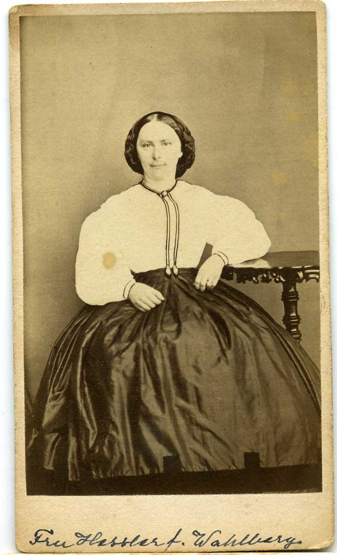 Porträtt av en kvinna i vid mörk klänning och ljust livstycke. Hon sitter vid ett rund pelarbord.
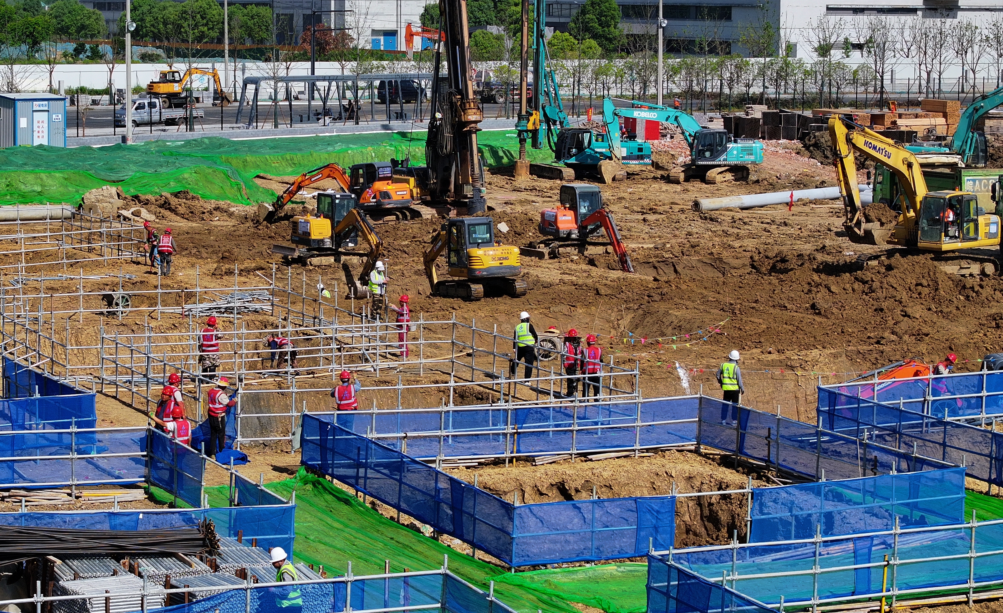 大眾科技三期項(xiàng)目自開(kāi)工以來(lái),為了搶工期、保進(jìn)度,安徽建工三建集團(tuán)采取果斷措施,抽調(diào)40名實(shí)踐經(jīng)驗(yàn)豐富的項(xiàng)目管理人員、245名一線施工人員參與到項(xiàng)目建設(shè)當(dāng)中,同時(shí),集中調(diào)用樁機(jī)12臺(tái)、挖掘機(jī)26臺(tái)、車輛24輛、推土機(jī)3臺(tái),共投入65臺(tái)大型機(jī)械設(shè)備組成大規(guī)?!皺C(jī)械戰(zhàn)隊(duì)”,全方位開(kāi)展施工作業(yè)。
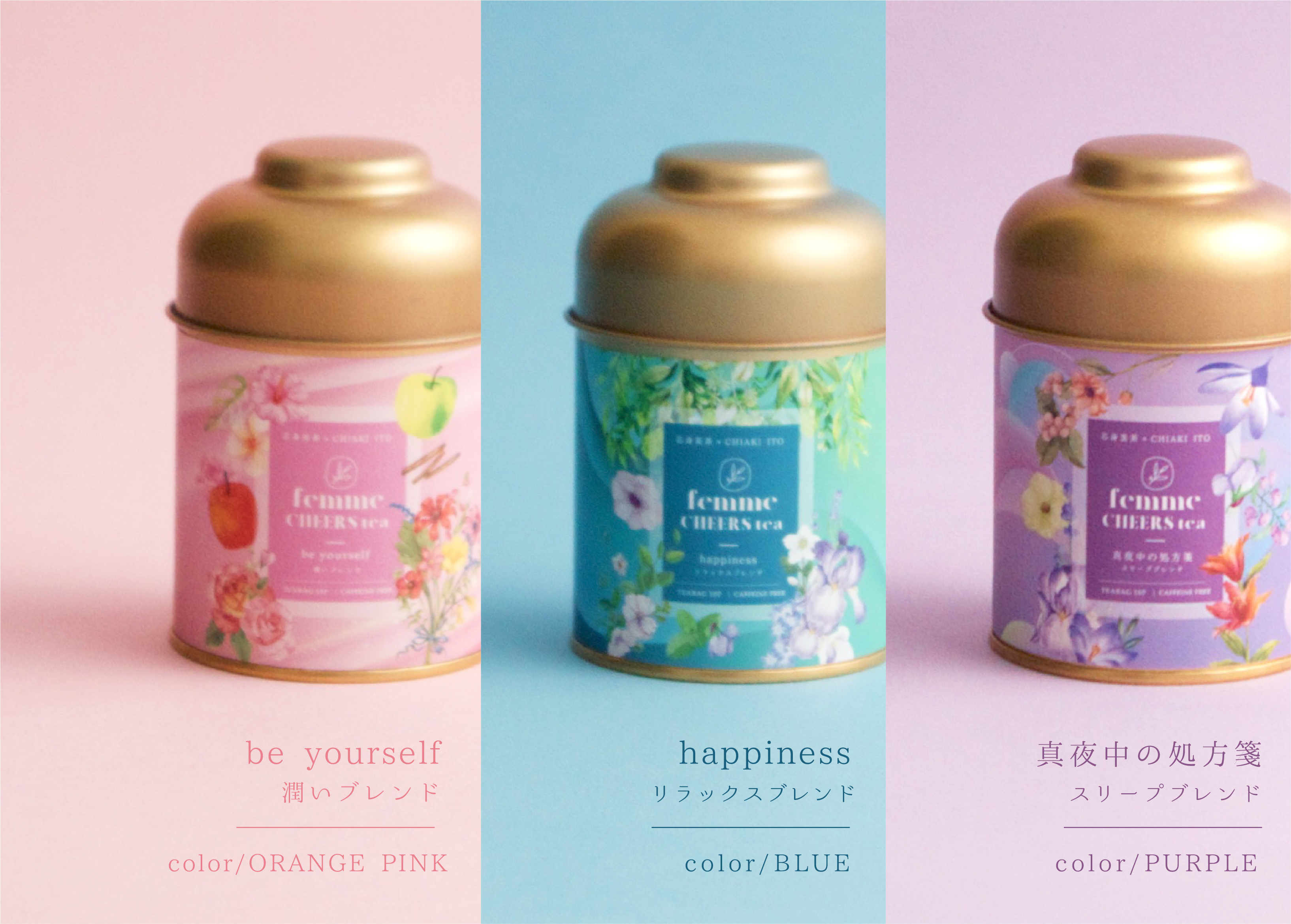 芯身美茶×伊藤千晃で新展開する「femme CHEERS tea」(フェム・チアーズ・ティー)の名前の由来は女性(femme)を応援(cheers)するお茶ということで名前をつけました。
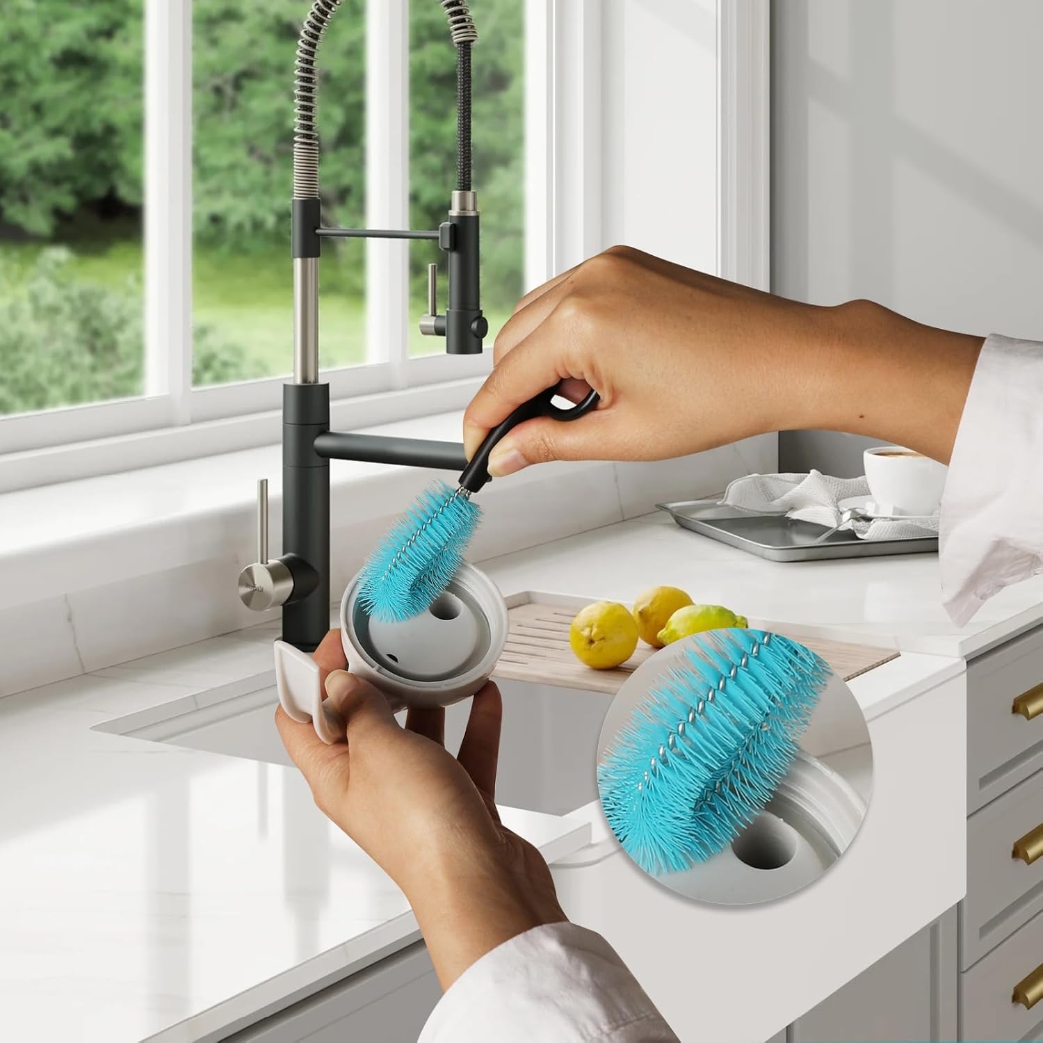 - 360-DEGREE CLEANING: The full-coverage bristles can achieve 360-degree cleaning without dead ends, and the flexible brush can easily extend into the narrow-mouth bottle. Whether it is turned clockwise or counterclockwise, our water bottle cleaning brush can clean quickly
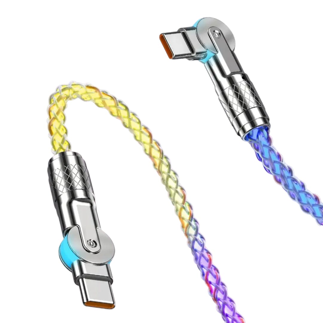 كابل شحن سريع USB-C إلى USB-C بقدرة 120 واط RGB LED، قابل للدوران بزاوية 180 درجة - متوافق مع CarPlay وAndroid Auto
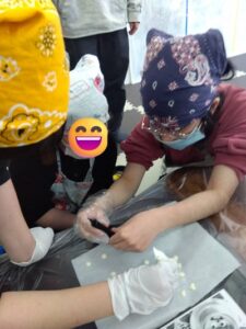 午後は冷やしたムースにみんなで砕いたクッキーや午前中に作った
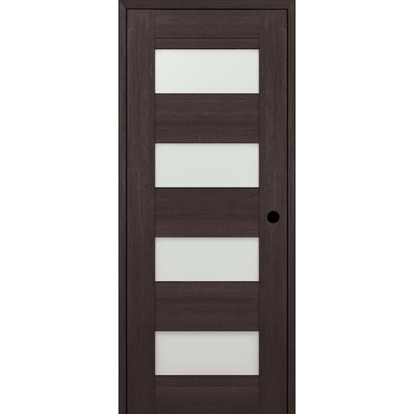 24 in. x 80 in. Vona 7/8 Left-Hand 4Lite Frosted Glass Veralinga Oak Composite DIY-Friendly Single Prehung Interior Door
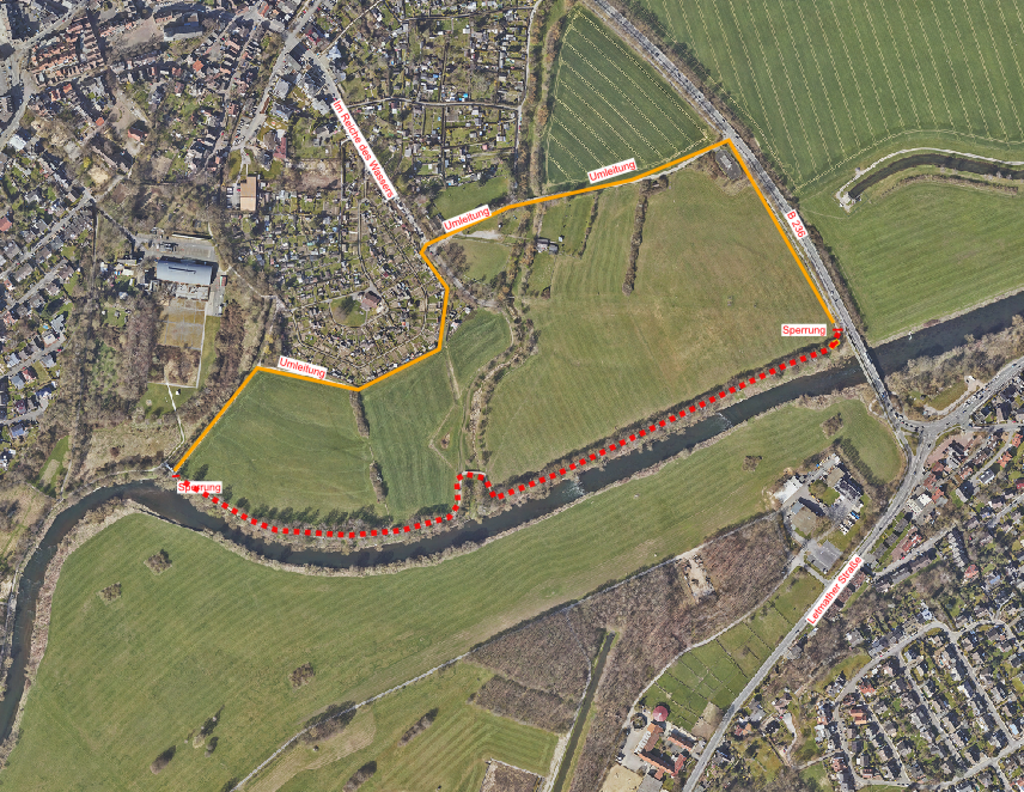 Schwerte. Die Stadtentwässerung Schwerte wird am Montag, den 6. März 2023, und am Folgetag, den Ruhrtalradweg zwischen Mühlenstrang und Bethunestraße (B236) sperren. Grund für die Sperrung sind Kanalreinigungs- und Inspektionsarbeiten mit der die Firma Kanal-Türpe GmbH beauftragt worden ist. Die Radwegumleitung ist entsprechend ausgeschildert.
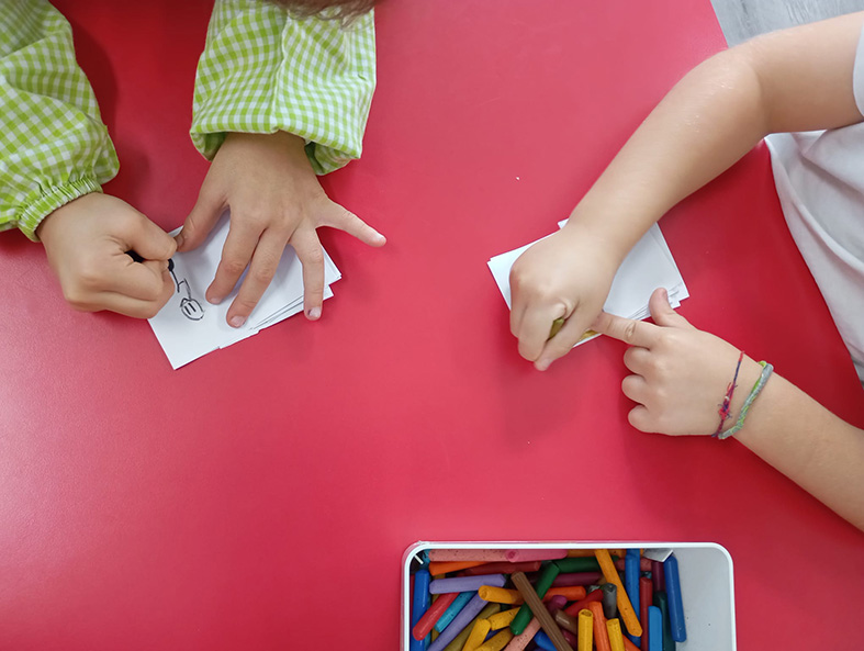 En cada sesión planteamos retos creativos y variados: manualidades con materiales reciclados como, por ejemplo, realizar pequeños talleres para crear pulseras, colorear con rotuladores con un toque de purpurina, así como realizar otras actividades como aviones de papel, comecocos, barcos de papel…

____________

Only the lines from the one containing "Schwerte. Die Stadtentwässerung" through the final line of the listing should be reproduced, exactly and with no pictures.

## RESPONSE TO THIS EXERCISE
 Schwerte. Die Stadtentwässerung Schwerte wird am Montag, den 6. März 2023, und am Folgetag, den Ruhrtalradweg zwischen Mühlenstrang und Bethunestraße (B236) sperren. Grund für die Sperrung sind Kanalreinigungs- und Inspektionsarbeiten mit der die Firma Kanal-Türpe GmbH beauftragt worden ist. Die Radwegumleitung ist entsprechend ausgeschildert.
 En cada sesión planteamos retos creativos y variados: manualidades con materiales reciclados como, por ejemplo, realizar pequeños talleres para crear pulseras, colorear con rotuladores con un toque de purpurina, así como realizar otras actividades como aviones de papel, comecocos, barcos de papel…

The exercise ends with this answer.